SQL is used across the machine learning pipeline, and is a fundamental skill for data scientists to master. This module will focus on the technical skills needed for working with SQL, including flat-file datasets (JSON, CSV) ingestion, query design, and relational database management. Additionally, participants will examine common data management concerns, data access management, and data privacy adherence.
Week 1:
Describe the structure of a database. Use an export command to save and transport data in CSV and JSON file formats. Use SQL querying and data manipulation techniques to formulate queries for a range of purposes.
Week 2:
Examine the legal framework around sharing data. Analyze data requirements and work with diverse stakeholders such as analysts and managers. Use advanced techniques such as String Manipulation, and NULL Management to manipulate results.

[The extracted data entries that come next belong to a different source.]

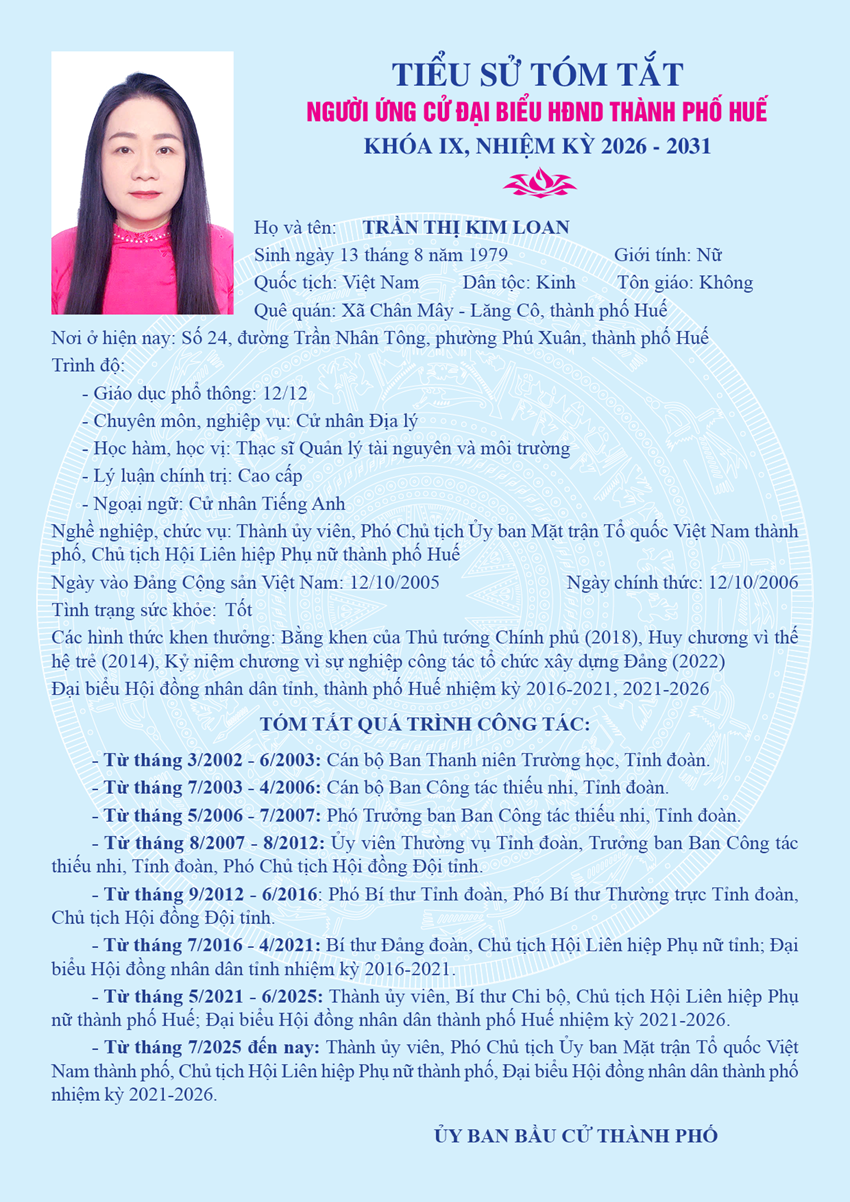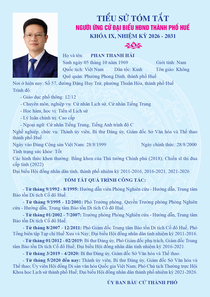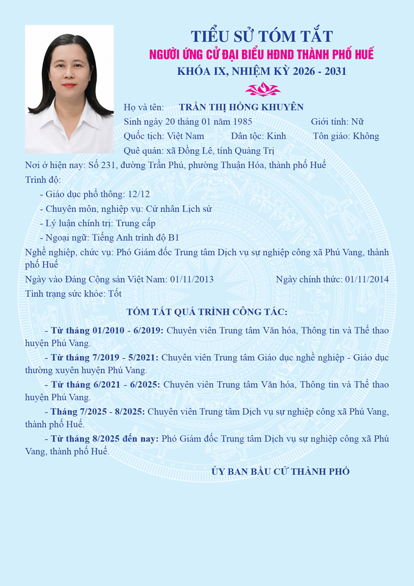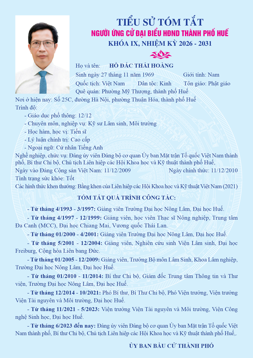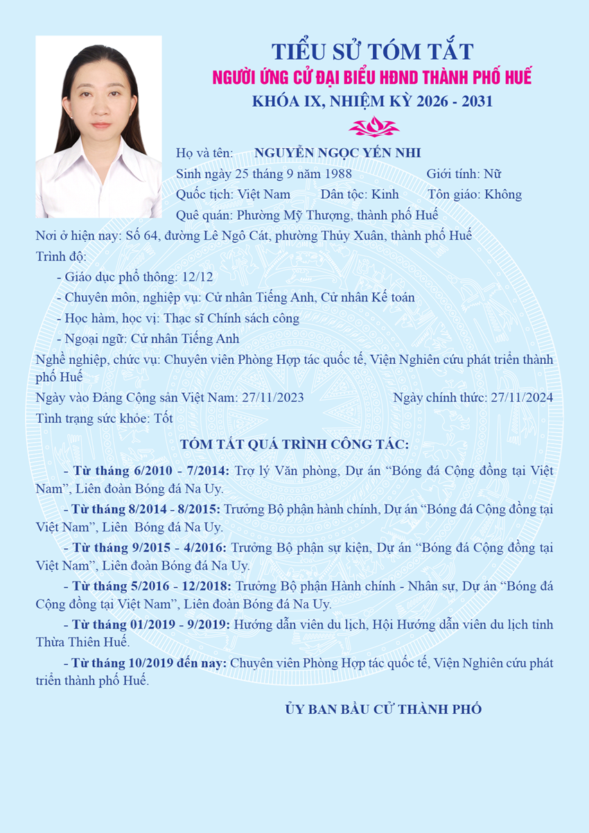 - Tổng số người ứng cử đại biểu Hội đồng nhân dân thành phố trong danh sách này là: 05 người.
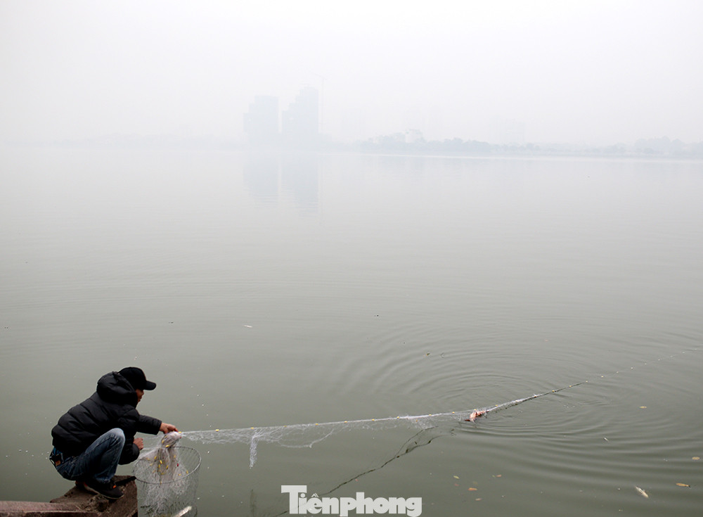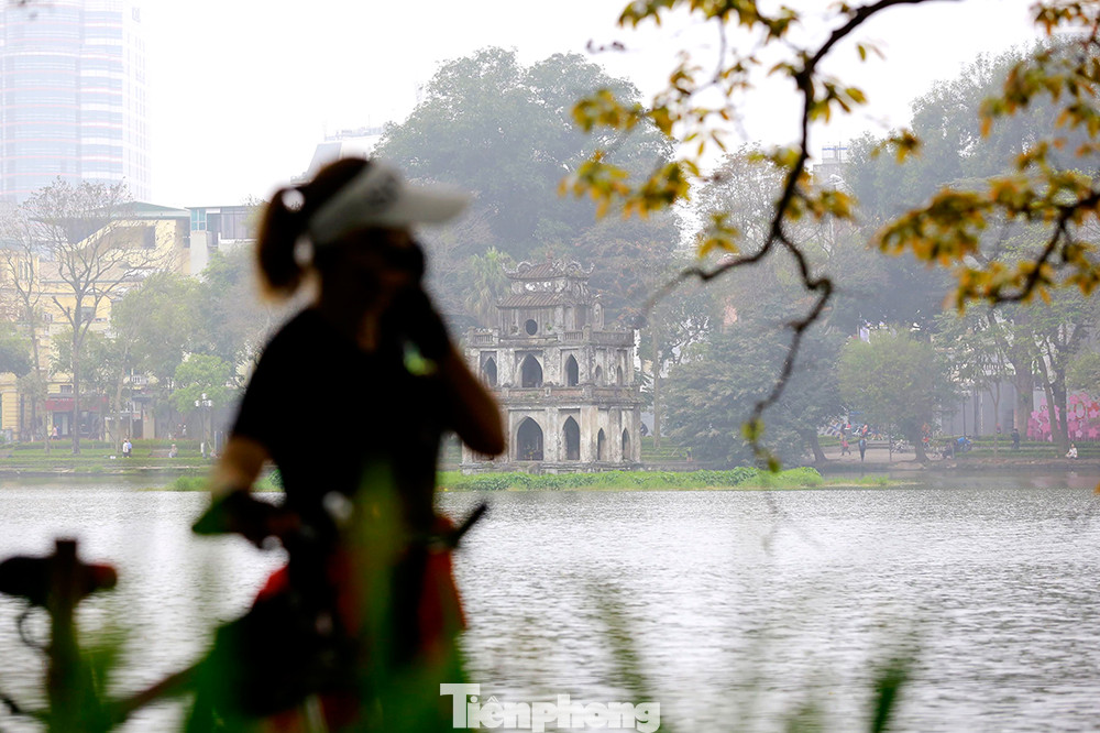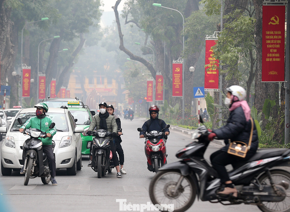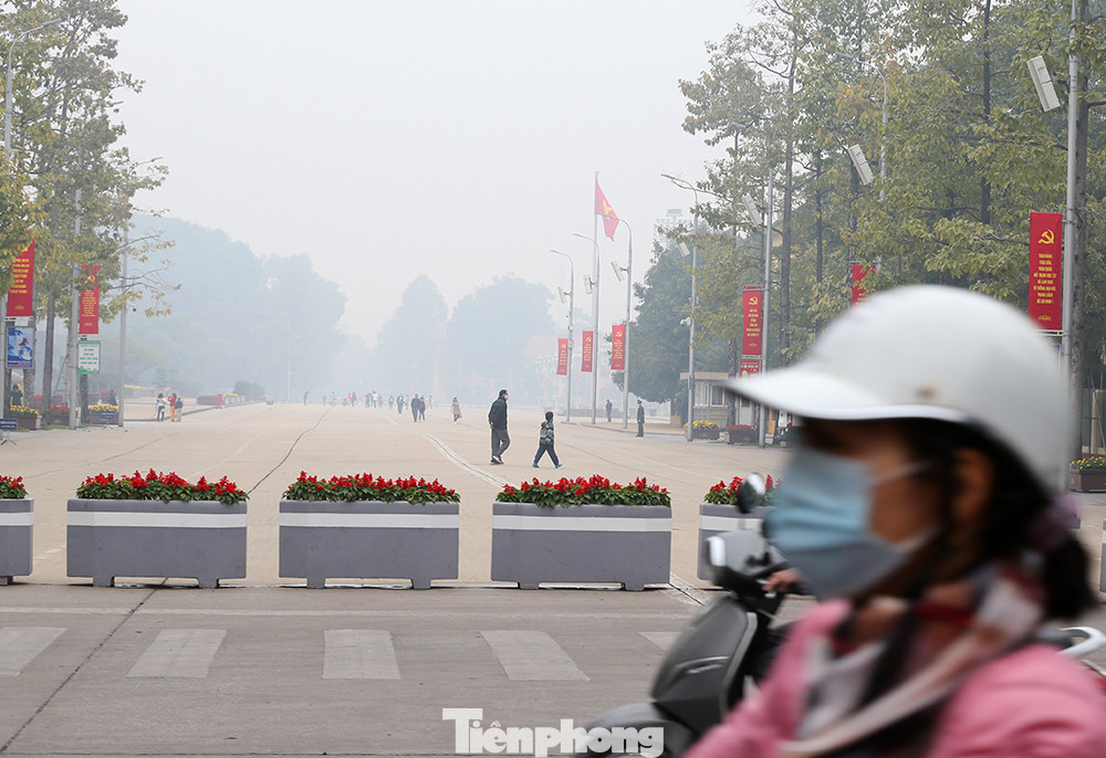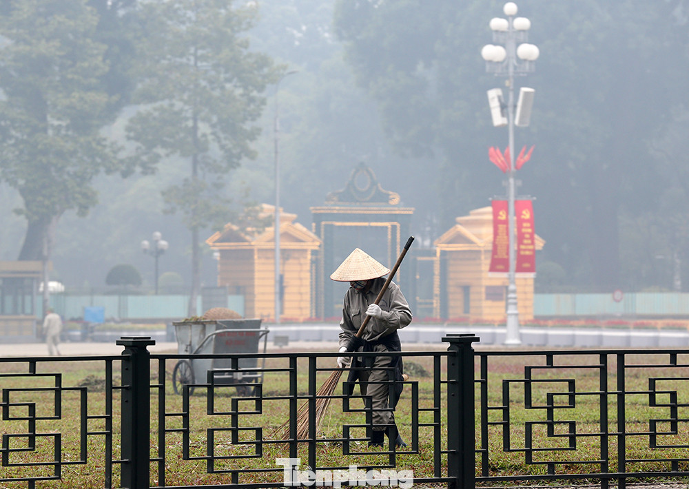Người lao động quét dọn trước quảng trường Ba Đình với trời u ám mù sương vào sáng nay
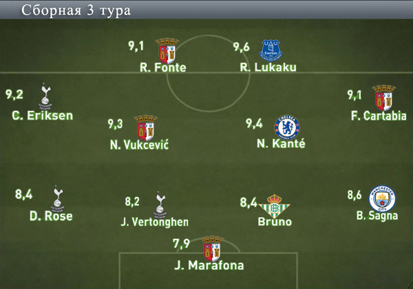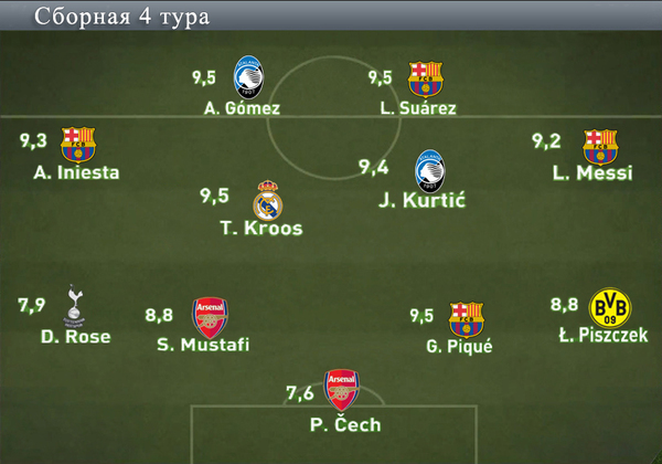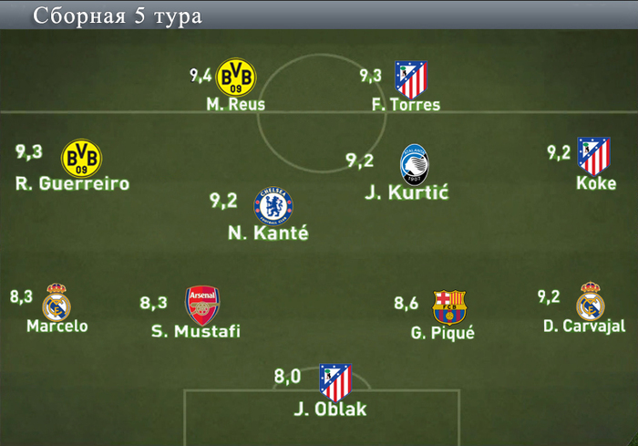 Представляем символическую сборную девятого тура, составленную по оценкам FIFA 17:

Folder Structure . ├── .github ├── .gitignore ├── 01_materials ├── 02_activities ├── 03_instructional_team ├── 04_this_cohort ├── 05_src ├── LICENSE ├── README.md └── steps_to_ask_for_help.png .github: Contains issue templates, pull request templates and workflows for the repository. materials: Module slides used during learning sessions. activities: Contains graded assignments, and rubrics for evaluating assignments. instructional_team: Resources for the instructional team. this_cohort: Additional materials and resources for cohort three. src: Source code, databases, logs, and required dependencies (requirements.txt) needed during the module. .gitignore: Files to exclude from this folder, specified by the Technical Facilitator LICENSE: The license for this repository. README: This file. steps_to_ask_for_help.png: Guide on how to ask for help.